Finally, we show that the hierarchies \(\{\gamma ^\mathrm{col}_r(G)\}\) and \(\{\gamma ^\mathrm{stab}_r(G)\}\) refine the hierarchies \(\{{\xi _{r}^{\mathrm {col}}}(G)\}\) and \(\{{\xi _{r}^{\mathrm {stab}}}(G)\}\).

Proposition 14

For \(r\in \mathbb {N}\cup \{\infty , *\}\), \({\xi _{r}^{\mathrm {col}}}(G) \le \gamma ^\mathrm{col}_r(G)\) and \( {\xi _{r}^{\mathrm {stab}}}(G)\ge \gamma ^\mathrm{stab}_r(G)\).

1.4 Techniques from noncommutative polynomial optimization

In a (commutative) polynomial optimization problem we minimize a multivariate polynomial \(f(x_1,\ldots ,x_n)\) over a feasible region defined by polynomial inequalities. Such a problem has the form

$$\begin{aligned} \mathrm {inf} \big \{ f(x_1,\ldots ,x_n) : \;&\, x \in \mathbb {R}^n,\, g(x_1,\ldots ,x_n) \ge 0 \text { for } g \in \mathscr {G}\big \} \end{aligned}$$

for some finite set \(\mathscr {G}\) of multivariate polynomials. Lasserre [24] and Parrilo [45] introduced the moment/sum-of-squares method to solve such problems (see, e.g., [25, 27] for details). The moment method is based on the observation that the above polynomial optimization problem is equivalent to minimizing \(\int f(x)d\mu (x)\) over all probability measures \(\mu \) supported on the set \(D(\mathscr {G}) = \{x \in \mathbb {R}^n : g(x) \ge 0 \text { for } g \in \mathscr {G}\}\). In turn, this is equivalent to minimizing L(f) over all linear functionals L on the space of polynomials satisfying \(L(p) \ge 0\) for all polynomials p that are nonnegative on \(D(\mathscr {G})\). To get a tractable relaxation we then consider the linear functionals L on the space of polynomials up to degree 2r and require that L is nonnegative on all squares \(s^2\) and weighted squares \(s^2g\) (for \(g\in \mathscr {G}\)) of degree at most 2r. This condition can be expressed with a polynomially sized semidefinite program for any fixed r. These relaxations are good in the sense that, under a mild assumption,Footnote 2 they converge to the optimal value of the polynomial optimization problem as r goes to infinity.

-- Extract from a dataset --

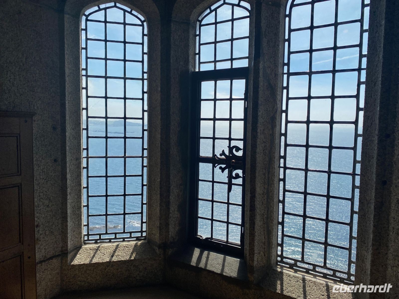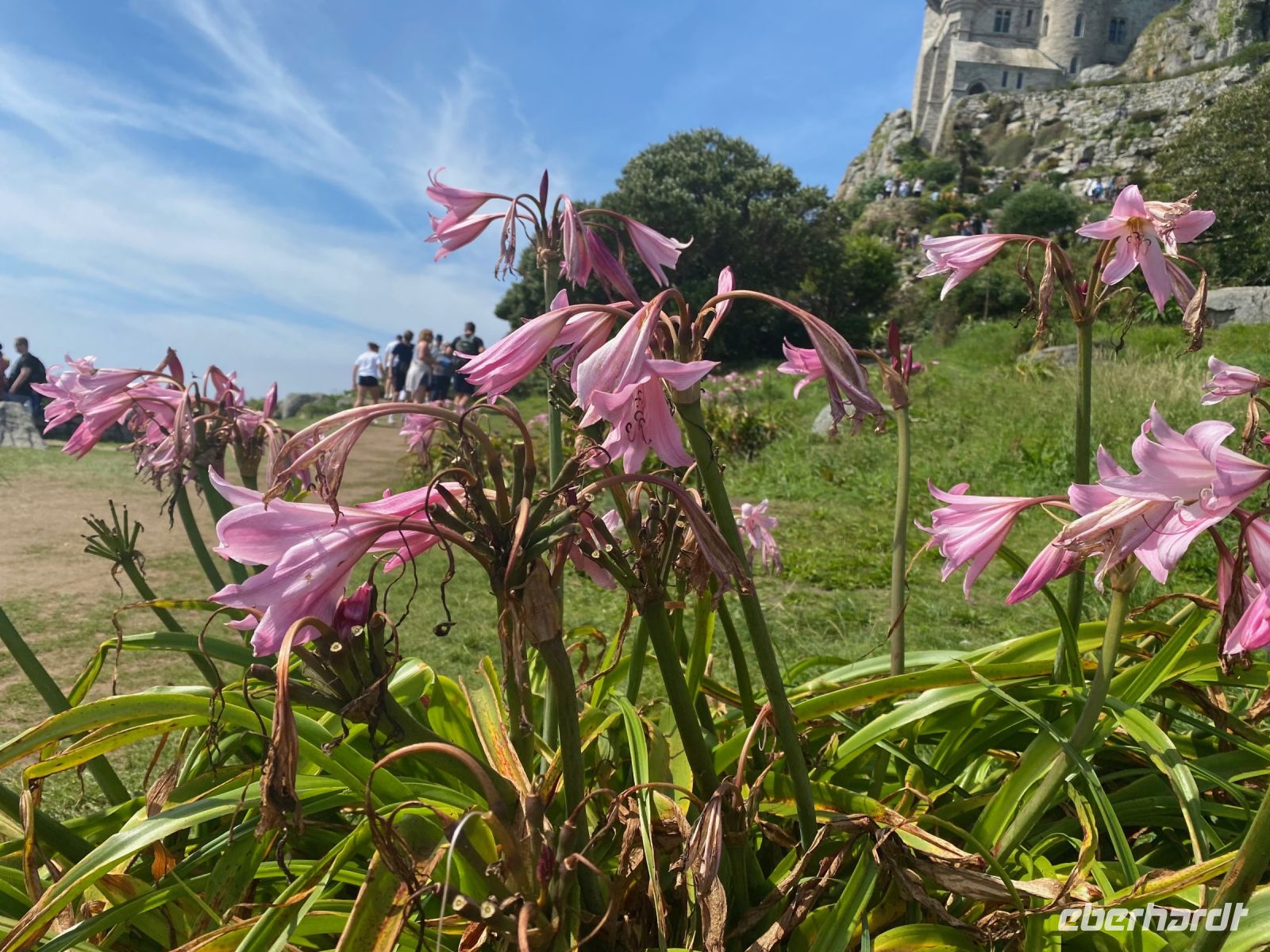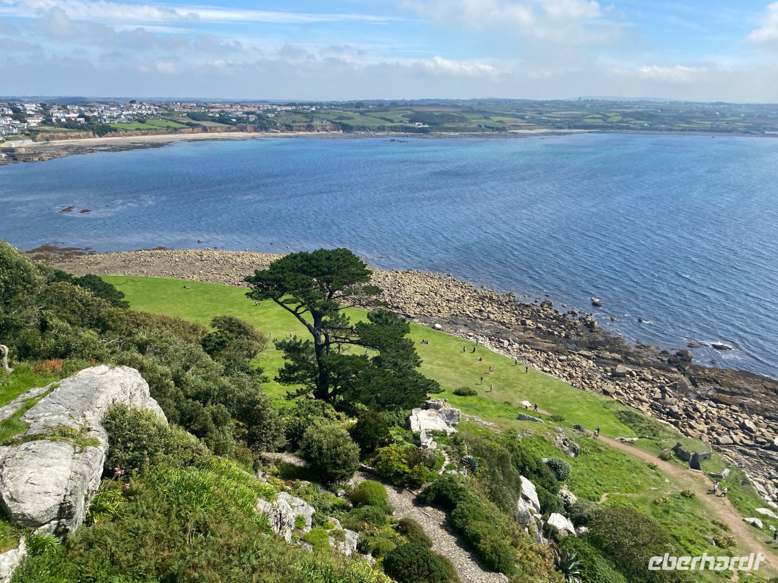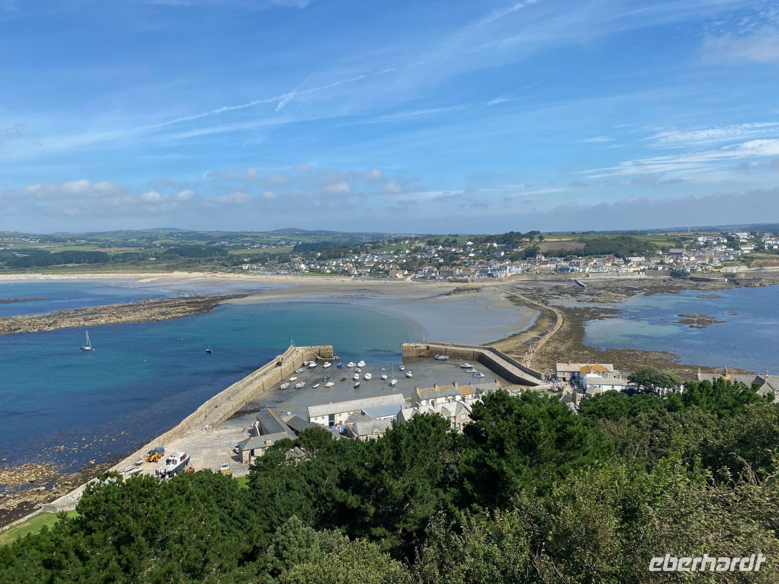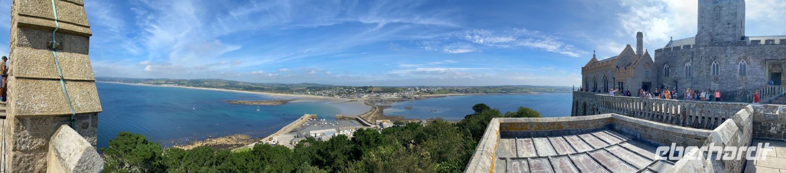 Von hier geht es ein Stück zu Fuß über das Meer, zur Insel St. Michael‘s Mount. Kein Problem für uns, es herrscht wieder Ebbe – und wunderbares Wetter natürlich. Auf der Insel gibt es eine verwinkelte Burg, die Reste eines alten Klosters und einen wundervollen Garten zu besichtigen. Außerdem können wir hier hervorragenden Kuchen essen. Zufrieden geht es zurück ans Festland, die Ebbe ist weiter auf unserer Seite.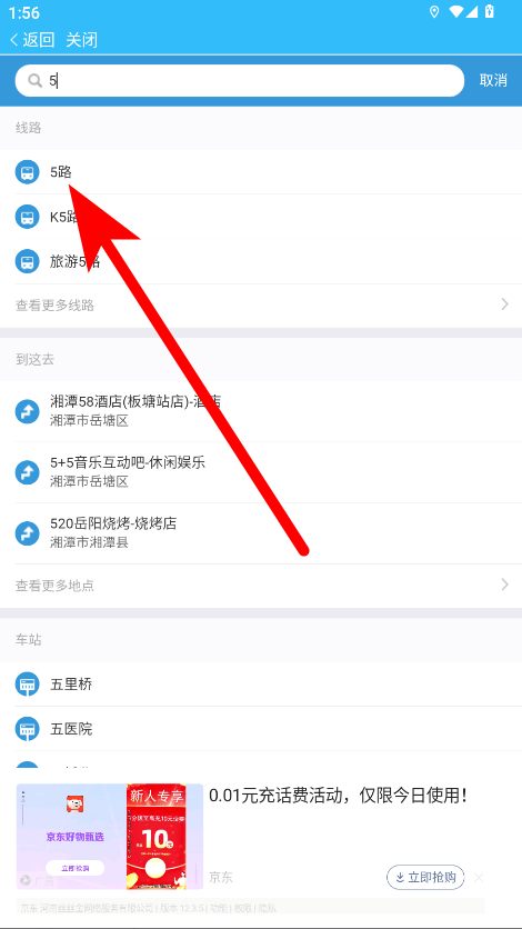 3、在搜索結(jié)果里,選擇對(duì)應(yīng)的公交線路,進(jìn)入該線路詳情頁(yè)面。

In [37, 48] this approach has been extended to the general eigenvalue optimization problem, which is a problem of the form

$$\begin{aligned} \mathrm {inf} \big \{ \psi ^* f(X_1,\ldots ,X_n) \psi : \;&d \in \mathbb {N},\, \psi \in \mathbb {C}^d \text { unit vector},\, X_1,\ldots ,X_n \in \mathbb {C}^{d \times d},\\&g(X_1,\ldots ,X_n) \succeq 0 \text { for } g \in \mathscr {G}\big \}. \end{aligned}$$

Here, the matrix variables \(X_i\) are allowed to have any dimension \(d\in \mathbb {N}\) and \(\{f\}\cup \mathscr {G}\) is a set of symmetric polynomials in noncommutative variables. In a tracial optimization problem, instead of minimizing the smallest eigenvalue of \(f(X_1,\ldots ,X_n)\), we minimize its normalized trace \(\mathrm{Tr}(f(X_1,\ldots ,X_n))/d\) (so that the identity matrix has trace one) [6,7,8, 22]. Such a problem has the form

$$\begin{aligned} \mathrm {inf} \big \{ \mathrm {Tr}(f(X_1,\ldots ,X_n))/d : \;&d \in \mathbb {N},\, \, X_1,\ldots ,X_n \in \mathbb {C}^{d \times d},\\&g(X_1,\ldots ,X_n) \succeq 0 \text { for } g \in \mathscr {G}\big \}, \end{aligned}$$

where the matrix variables \(X_i\) may again have any dimension d and \(\{f\}\cup \mathscr {G}\) is a set of symmetric polynomials in noncommutative variables. The moment approach for these two problems again relies on minimizing L(f), where L is a linear functional on the space of noncommutative polynomials that either models \(\psi ^*f(X_1,\ldots ,X_n)\psi \) or models the normalized trace evaluation \(\mathrm{Tr}(f(X_1,\ldots ,X_n))/d\).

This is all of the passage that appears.